YOUR ASSIGNMENT
Once the line with "Die Geschwindigkeit ist" is found, write it out along with every line after it, exactly, up to the last line of the entries below. Exclude pictures.

--- INFORMATION SHOWN ---

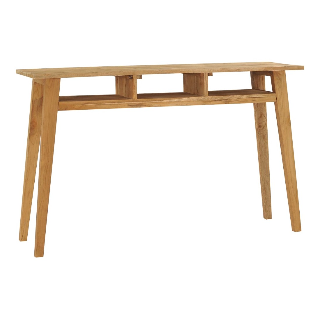 Cette table console de style colonial dégage un charme rustique et fait un excellent supplément à votre intérieur. Elle peut également être utilisée comme meuble console ou buffet. La table de couloir, de couleur naturelle, est fabriquée à partir de bois de teck massif avec une finition naturelle, ce qui la rend très durable et résistante à l'usure. Le dessus en bois dur robuste vous offre de l'espace pour mettre des paniers de fruits, des cadres photo ou d'autres objets décoratifs. Équipée de 3 étagères ouvertes, cette table en bois offre amplement d'espace pour placer des petits objets bien organisés et à portée de main. Remarque importante : les couleurs et les grains peuvent varier d'une pièce à l'autre, rendant chaque table unique ; la livraison est aléatoire.
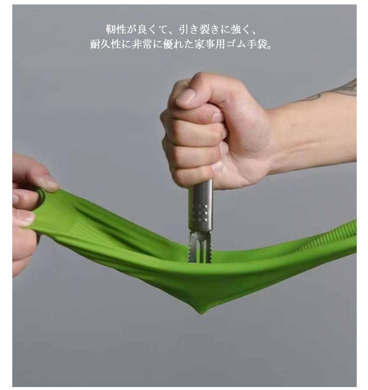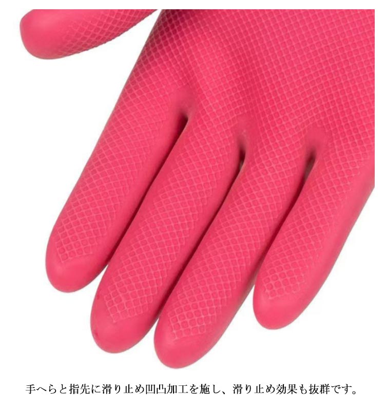 | 2双セット 手荒れを防止!水仕事の必需なグローブです。 肘下までの38センチのロングタイプで、水が入りにくくなっています。 靭性が良くて、引き裂きに強く、耐久性に非常に優れた家事用ゴム手袋。 手へらと指先に滑り止め凹凸加工を施し、滑り止め効果も抜群です。 袖口は伸縮性があるので、作業中の脱落を防止します。 | |
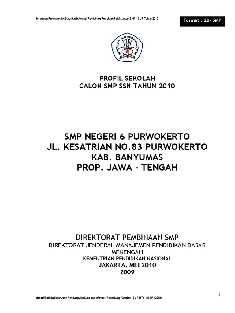 Profil Ssn Smp N 6 Pwt 2010 from imgv2-2-f.scribdassets.com Profil pengembangan sekolah model implementasi spmpi. Mm di smp negeri 19 semarang. Smp negeri 1 jombang telah mengembangkan pembelajaran dengan media berbasis teknologi informatika, internet, dan untuk membuka akses dengan masyarakat luar, telah dibuka layanan web maupun blog. Profil smp negeri 5 lumajang 2011. Untuk profil sekolah pastinya sekolah sudah ada arsip, namun bagaimana dengan sk komite sekolah? Silahkan anda download contoh file pada link download berikut ini Contoh profil sekolah format microsoft. Istighozah doa bersama menyambut ujian sekolah dan unbk.
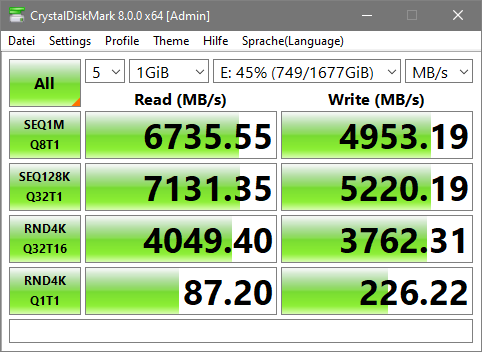 Die Geschwindigkeit ist soweit auch OK, nur verwundert es mich, dass meine PCIe 3 SSD bessere IOPS liefert als meine neue PCIe4 SSD.
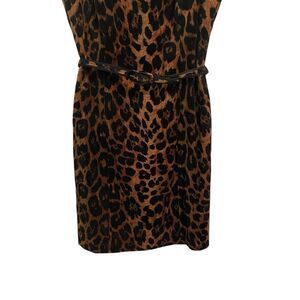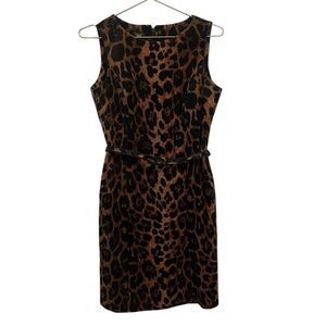 Talbots Velvet Sleeveless Animal Print Shift Dress Belted Size 8P NWT

---

RESPONSE BOX
 Die Geschwindigkeit ist soweit auch OK, nur verwundert es mich, dass meine PCIe 3 SSD bessere IOPS liefert als meine neue PCIe4 SSD.
 Talbots Velvet Sleeveless Animal Print Shift Dress Belted Size 8P NWT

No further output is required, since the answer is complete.